ACTION ITEM:
Below is a block of entries; repeat exactly the lines starting at the line that contains "Después de excavar" and ending at the line that contains "Like the 44", both included.

PROVIDED DATA:
== Segment start ==

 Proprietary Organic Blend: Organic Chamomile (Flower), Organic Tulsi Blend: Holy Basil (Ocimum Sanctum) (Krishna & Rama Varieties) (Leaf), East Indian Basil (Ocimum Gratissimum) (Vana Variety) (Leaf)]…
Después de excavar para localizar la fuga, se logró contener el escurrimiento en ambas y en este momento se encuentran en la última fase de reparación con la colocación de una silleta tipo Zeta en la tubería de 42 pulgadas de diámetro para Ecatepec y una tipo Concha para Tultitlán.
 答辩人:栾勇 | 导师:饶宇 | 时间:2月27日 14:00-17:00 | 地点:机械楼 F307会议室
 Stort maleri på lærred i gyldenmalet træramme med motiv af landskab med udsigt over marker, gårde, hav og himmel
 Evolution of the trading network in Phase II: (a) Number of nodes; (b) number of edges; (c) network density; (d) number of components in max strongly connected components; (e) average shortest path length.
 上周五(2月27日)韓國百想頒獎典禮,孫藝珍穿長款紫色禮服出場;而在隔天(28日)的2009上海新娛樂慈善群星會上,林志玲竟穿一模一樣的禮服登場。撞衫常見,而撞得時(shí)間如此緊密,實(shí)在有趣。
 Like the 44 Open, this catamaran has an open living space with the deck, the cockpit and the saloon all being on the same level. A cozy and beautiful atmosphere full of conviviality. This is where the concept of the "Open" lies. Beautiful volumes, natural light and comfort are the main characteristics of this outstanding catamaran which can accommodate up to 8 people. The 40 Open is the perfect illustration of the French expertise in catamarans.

== Segment end ==
== Segment start ==

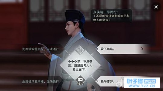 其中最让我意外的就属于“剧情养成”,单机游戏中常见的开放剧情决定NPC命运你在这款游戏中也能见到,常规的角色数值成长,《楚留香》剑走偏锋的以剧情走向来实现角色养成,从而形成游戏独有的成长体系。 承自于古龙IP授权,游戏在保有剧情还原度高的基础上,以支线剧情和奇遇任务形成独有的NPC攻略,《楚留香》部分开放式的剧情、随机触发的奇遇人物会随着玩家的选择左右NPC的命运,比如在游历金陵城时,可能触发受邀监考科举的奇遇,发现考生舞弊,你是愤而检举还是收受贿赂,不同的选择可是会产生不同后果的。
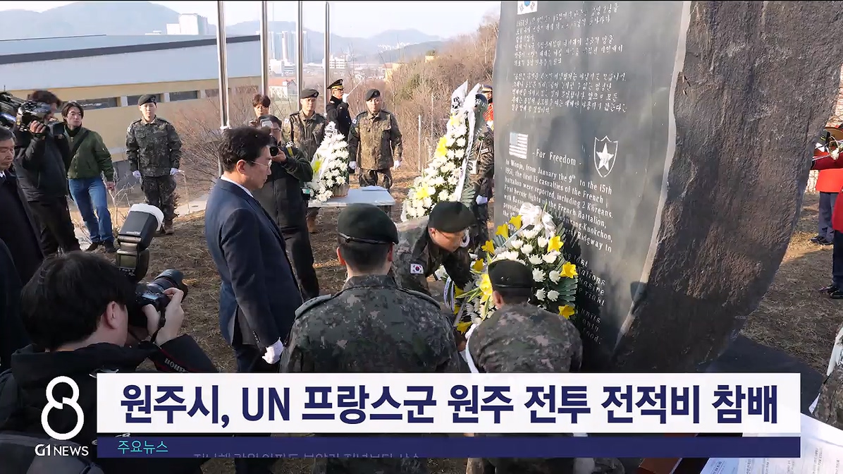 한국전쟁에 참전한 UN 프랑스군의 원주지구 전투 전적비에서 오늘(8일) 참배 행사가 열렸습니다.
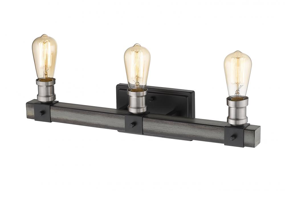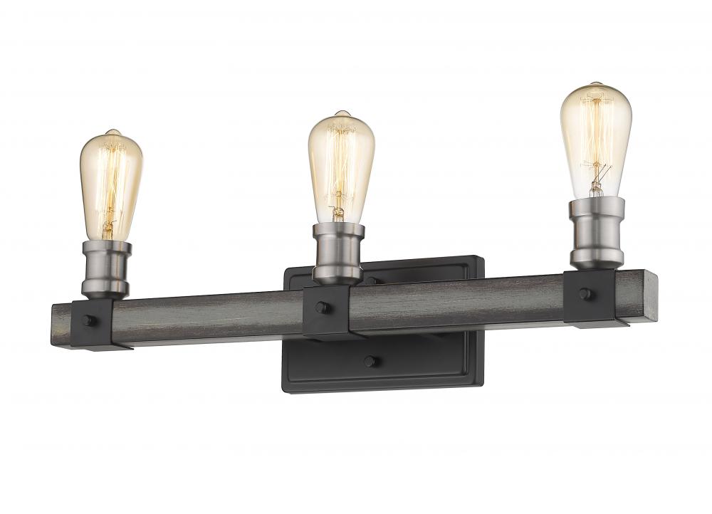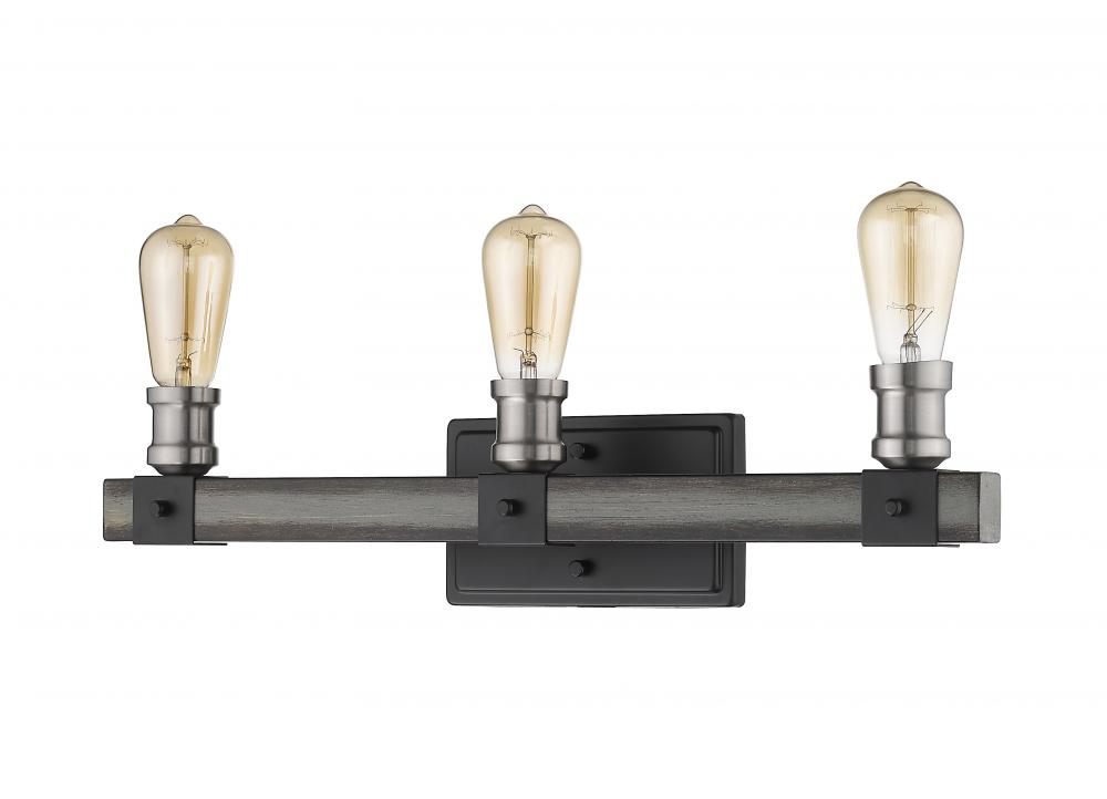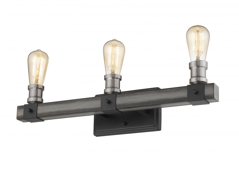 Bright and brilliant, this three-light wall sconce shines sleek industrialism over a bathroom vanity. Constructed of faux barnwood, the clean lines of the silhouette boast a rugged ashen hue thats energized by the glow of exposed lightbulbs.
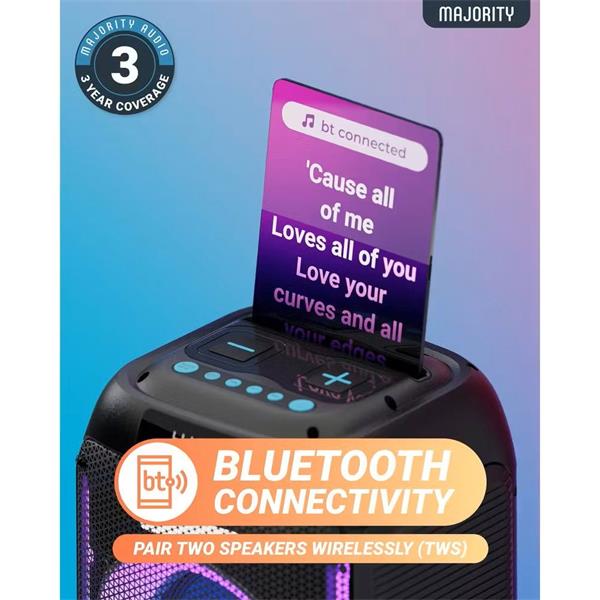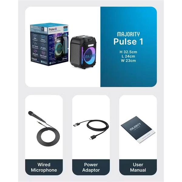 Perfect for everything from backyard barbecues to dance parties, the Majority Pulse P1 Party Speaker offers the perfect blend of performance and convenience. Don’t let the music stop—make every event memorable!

== Segment end ==

WORKED SOLUTION:
Después de excavar para localizar la fuga, se logró contener el escurrimiento en ambas y en este momento se encuentran en la última fase de reparación con la colocación de una silleta tipo Zeta en la tubería de 42 pulgadas de diámetro para Ecatepec y una tipo Concha para Tultitlán.
 答辩人:栾勇 | 导师:饶宇 | 时间:2月27日 14:00-17:00 | 地点:机械楼 F307会议室
 Stort maleri på lærred i gyldenmalet træramme med motiv af landskab med udsigt over marker, gårde, hav og himmel
 Evolution of the trading network in Phase II: (a) Number of nodes; (b) number of edges; (c) network density; (d) number of components in max strongly connected components; (e) average shortest path length.
 上周五(2月27日)韓國百想頒獎典禮,孫藝珍穿長款紫色禮服出場;而在隔天(28日)的2009上海新娛樂慈善群星會上,林志玲竟穿一模一樣的禮服登場。撞衫常見,而撞得時(shí)間如此緊密,實(shí)在有趣。
 Like the 44 Open, this catamaran has an open living space with the deck, the cockpit and the saloon all being on the same level. A cozy and beautiful atmosphere full of conviviality. This is where the concept of the "Open" lies. Beautiful volumes, natural light and comfort are the main characteristics of this outstanding catamaran which can accommodate up to 8 people. The 40 Open is the perfect illustration of the French expertise in catamarans.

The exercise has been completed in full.